### Task details
Output only the entries, exactly as given, without the pictures.

### Data supplied
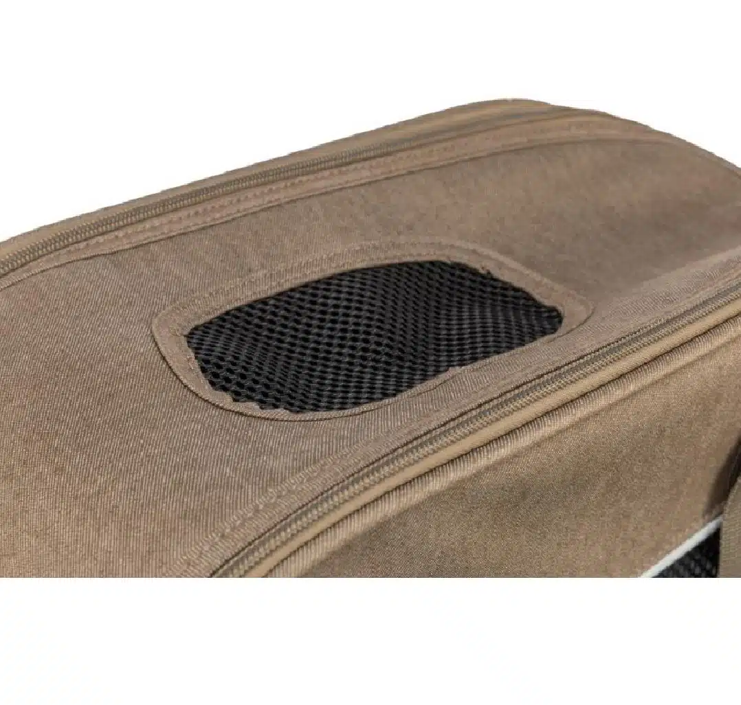 Vesken bæres enten med håndtak eller den justerbare skulderstroppen. Netting i veggene sørger for god luft, og at hunden kan kikke ut mens dere er på reise. Bruksområdet for slike reisevesker er transport på for eksempel buss eller når du er til fots.
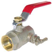 Vanne à sphère laiton série bâtiment PN 25 passage intégral finition nickelée type VS 580 avec poignée acier plate rouge.
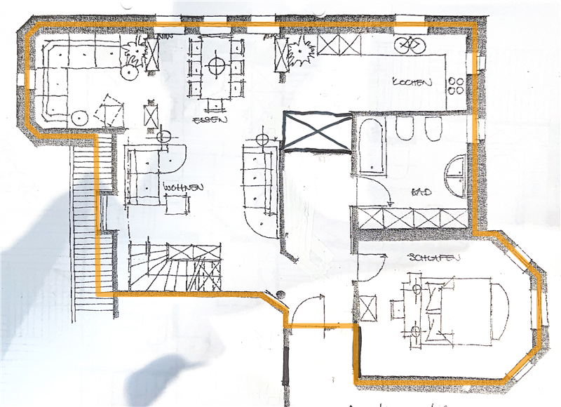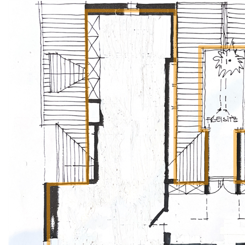 Eingangsbereich mit Garderobe, Bad, Schlafbereich, großes und helles Wohn-/Esszimmer mit offener Küche, Lesebereich und Zugang zum Dachgeschoss über eine offene Holztreppe. Im Dachgeschoss befinden sich ein heller offener Arbeitsbereich/Jugendzimmer, ein Bad mit Eckduschwanne und ein kleiner Flur mit Zugang zur Dachterrasse (Ausrichtung Süd/Ost).
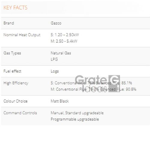 Operation is simple thanks to the easy ignition and manual control which lets you adjust flame height and heat output. Choose Gazco’s Command upgradeable remote control and you can adjust the flames and heat from your armchair. Alternatively, opt for the Programmable upgradeable remote control to set the stove to switch itself on and off and heat the room to the temperature you select.
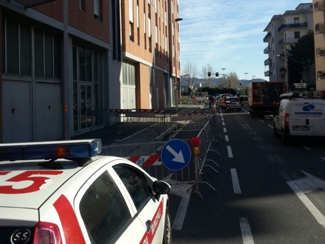 Le due squadre hanno provveduto a transennare la zona interessata (circa 35 metri), a chiudere un tratto del viale e a deviare il traffico, chiudendo la corsia sulla svolta a sinistra in Viale Boccaccio.
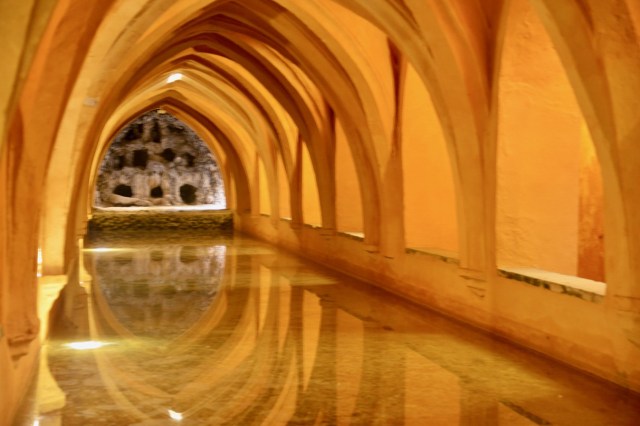 A última visita que fizemos no interior do palácio, foi aos banhos reais. Lanchamos aí e saímos para o Bairro da Santa Cruz, que se caracterizou no passado como um local de moradia dos judeus de Sevilha.

### Task answer
 Vesken bæres enten med håndtak eller den justerbare skulderstroppen. Netting i veggene sørger for god luft, og at hunden kan kikke ut mens dere er på reise. Bruksområdet for slike reisevesker er transport på for eksempel buss eller når du er til fots.
 Vanne à sphère laiton série bâtiment PN 25 passage intégral finition nickelée type VS 580 avec poignée acier plate rouge.
 Eingangsbereich mit Garderobe, Bad, Schlafbereich, großes und helles Wohn-/Esszimmer mit offener Küche, Lesebereich und Zugang zum Dachgeschoss über eine offene Holztreppe. Im Dachgeschoss befinden sich ein heller offener Arbeitsbereich/Jugendzimmer, ein Bad mit Eckduschwanne und ein kleiner Flur mit Zugang zur Dachterrasse (Ausrichtung Süd/Ost).
 Operation is simple thanks to the easy ignition and manual control which lets you adjust flame height and heat output. Choose Gazco’s Command upgradeable remote control and you can adjust the flames and heat from your armchair. Alternatively, opt for the Programmable upgradeable remote control to set the stove to switch itself on and off and heat the room to the temperature you select.
 Le due squadre hanno provveduto a transennare la zona interessata (circa 35 metri), a chiudere un tratto del viale e a deviare il traffico, chiudendo la corsia sulla svolta a sinistra in Viale Boccaccio.
 A última visita que fizemos no interior do palácio, foi aos banhos reais. Lanchamos aí e saímos para o Bairro da Santa Cruz, que se caracterizou no passado como um local de moradia dos judeus de Sevilha.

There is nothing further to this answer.